A tiny spider I found in some bark at the weekend.  Size less the 1/2 cm.

For it's size I find the fangs a touch intimidating.  







Tiny Spider at 3x Magnification, on Canon 50D with Canon MPE-65mm.  F11 ISO 400, Flash manual 1/8th power from Canon MT-24ex Macro Flash.


Also another Globular Springtail crawling across my mat.





Globular Springtail at about 4 times magnification crawling across my mat, on Canon 50D with Canon MPE-65mm.  F11 ISO 400, Flash manual 1/8th power from Canon MT-24ex Macro Flash.  

This one was mega small and is not totally sharp, but was quite pleased I got anything as looking through the view finder I could mostly see black, with a dark blur moving in it!


----------



## Overread (Feb 24, 2011)

You know you can set the twinflash up so that on a double tap of the shutter button (half way) you can turn the focusing aid lights on - makes a massive help for the high magnification shots. Otherwise I know it cuts the depth of field down but try f5.6 or even f4 for the 5:1 shots - it makes a massive different to sharpness. 
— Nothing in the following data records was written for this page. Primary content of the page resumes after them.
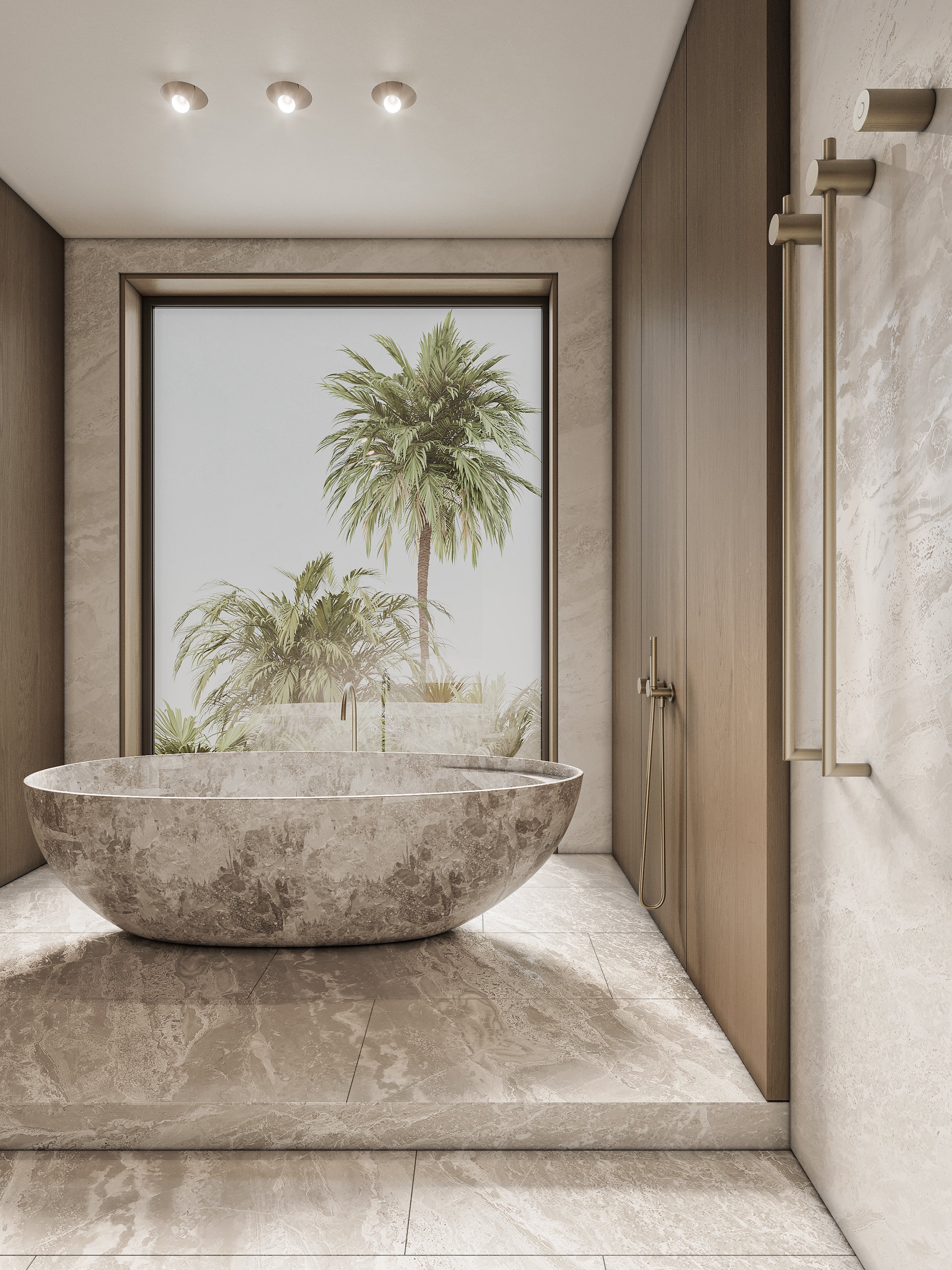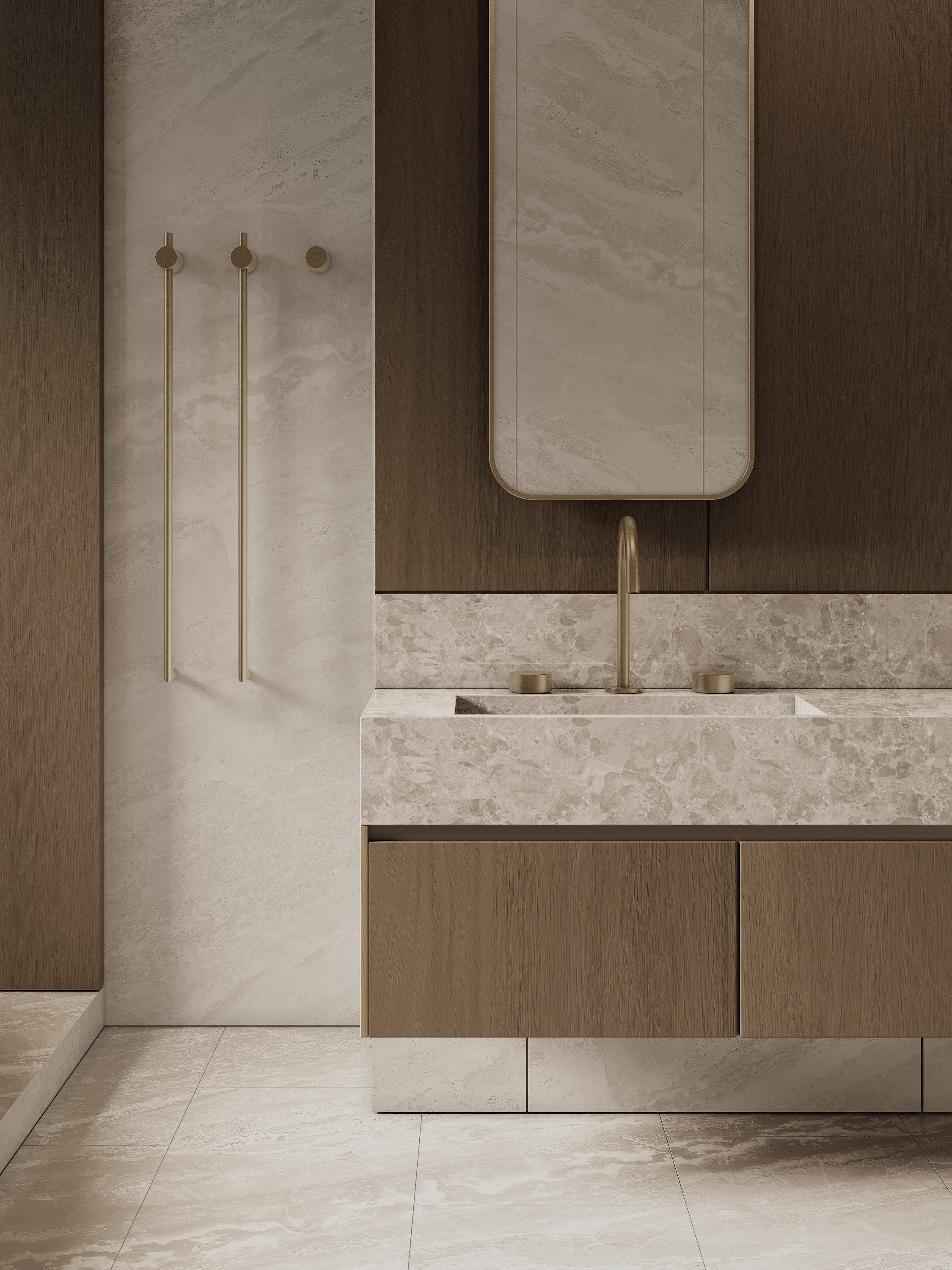 WALL-MOUNTED VERTICAL HEATED TOWEL RACK WITH DIGITAL DISPLAY - GOLD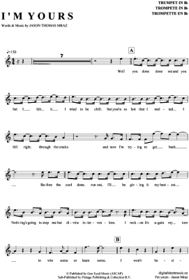 I´m yours - Noten für Trompete in B Jason Mraz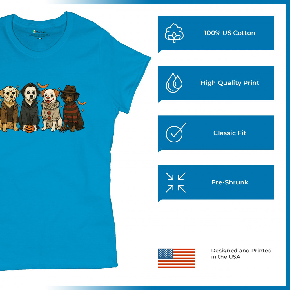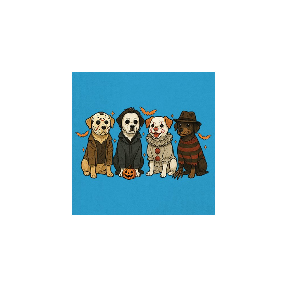 Celebrate Halloween with the Horror Dogs design featuring pups in creepy costumes inspired by spooky icons. A perfect pick for October 31 haunted house visits, autumn nights, or parties full of Halloween vibes. Whether you love dogs, witches, or pumpkin head fun, this festive design makes a playful addition to the spooky season.
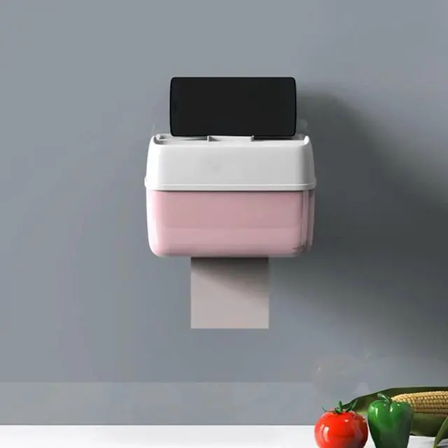 1pcs Punch-free Toilet Paper Holder Wall Mounted Plastic Bathroom Waterproof Paper Phone Storage Box for Home Kitchen Organizer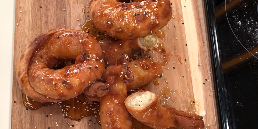 Με ένα πινέλο αλείφετε τη ζύμη σας παντού και στο κάτω μέρος της απλώνετε στην ευθεία και παράλληλα 3 κ.τ.σ από τη γέμιση, την σκεπάζετε τυλίγοντας το ρολό προς τα μέσα. Έπειτα τυλίγετε σε ρολό, σχηματίζοντας σαλιγκάρι. Την άκρη τη βάζετε προς τα κάτω ώστε να μην ξεκολλήσει. Την τοποθετείτε σε μια λαδόκολλα που έχετε αλευρώσει από πριν και την βάζετε στην κατάψυξη, πριν το τηγάνισμα ή το ψήσιμο, ώστε να μην ανοίξει το φύλλο σας.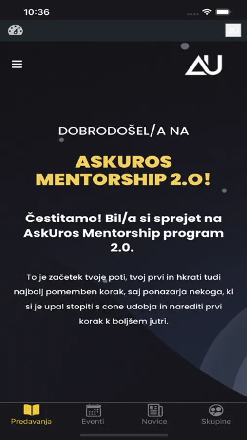 Uradna aplikacija za AskUros Mentorship program. Na aplikaciji boste lahko spremljali celoten Mentorship program, se prijavili na evente, se pogovarjali s sošolci in pletli nove poslovne vezi.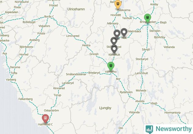 | Halmstad C–Jönköping C | Krösatågen | 8 % (9 av 109 tåg) | 1 minut och 44 sekunder | 15 mil |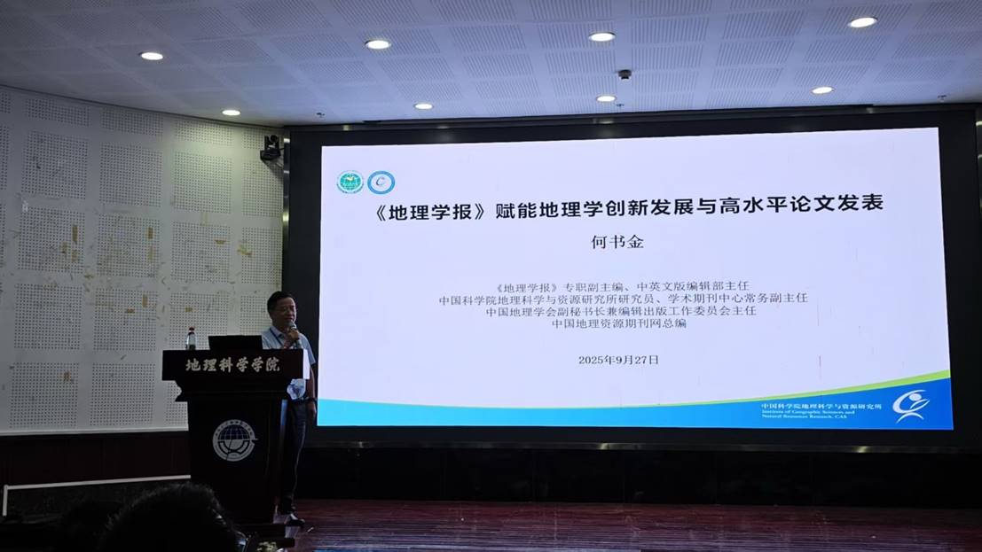 何书金研究员首先介绍国内外期刊集群的发展趋势,国际一流平台呈现品牌集中、数字化特征,国内也在加速推动集群化;其次,分析了中国地理资源期刊集群建设的现状:以《地理学报》为龙头形成规模效应,搭建期刊网平台,实现数据整合与知识服务,融入 AI 辅助审稿、智能排版等技术,学术影响力突出;同时介绍了《地理学报》悠久的办刊历史,载文涵盖自然与人文地理,在服务国家战略、推动学科交叉发展等方面的引领作用;分析了基于《地理学报》的地理学发展趋势,期刊指标持续提升,载文主题随时代演进,从自然要素研究延伸至城乡融合、“一带一路” 等热点;最后,他给出高水平论文发表指引,明确选题、写作范式要求,规范数据与图表使用,强调学术诚信的重要性,指导投稿与正确应对审稿结果。

Love the little springtail shot - I've yet to see the globular kind myself in the field and I know well how difficult they are to track when they've a mind to move around.


----------



## Trever1t (Feb 24, 2011)

creepy crawlies! Very cool


----------



## Davor (Feb 24, 2011)

2nd is kind of cute, nice shots!


----------



## tpe (Feb 24, 2011)

Great work, very hard to focus on even in the best light. I would keep that mat .

Tim


----------



## ChrisA (Feb 25, 2011)

Thanks all for the comments



Overread said:


> You know you can set the twinflash up so that on a double tap of the shutter button (half way) you can turn the focusing aid lights on - makes a massive help for the high magnification shots. Otherwise I know it cuts the depth of field down but try f5.6 or even f4 for the 5:1 shots - it makes a massive different to sharpness.



Thanks for the tip, I will try this out.  I did know I can do this doing DOF preview, not noticed it on the half way press.  The other inhibiting factor to this on the day was my batteries not being in a good state, so even after a model burst they were needing recycle time...Should of ensured I had some spares with me.



tpe said:


> Great work, very hard to focus on even in the best light. I would keep that mat .


 I most assuredly am keeping the mat!


----------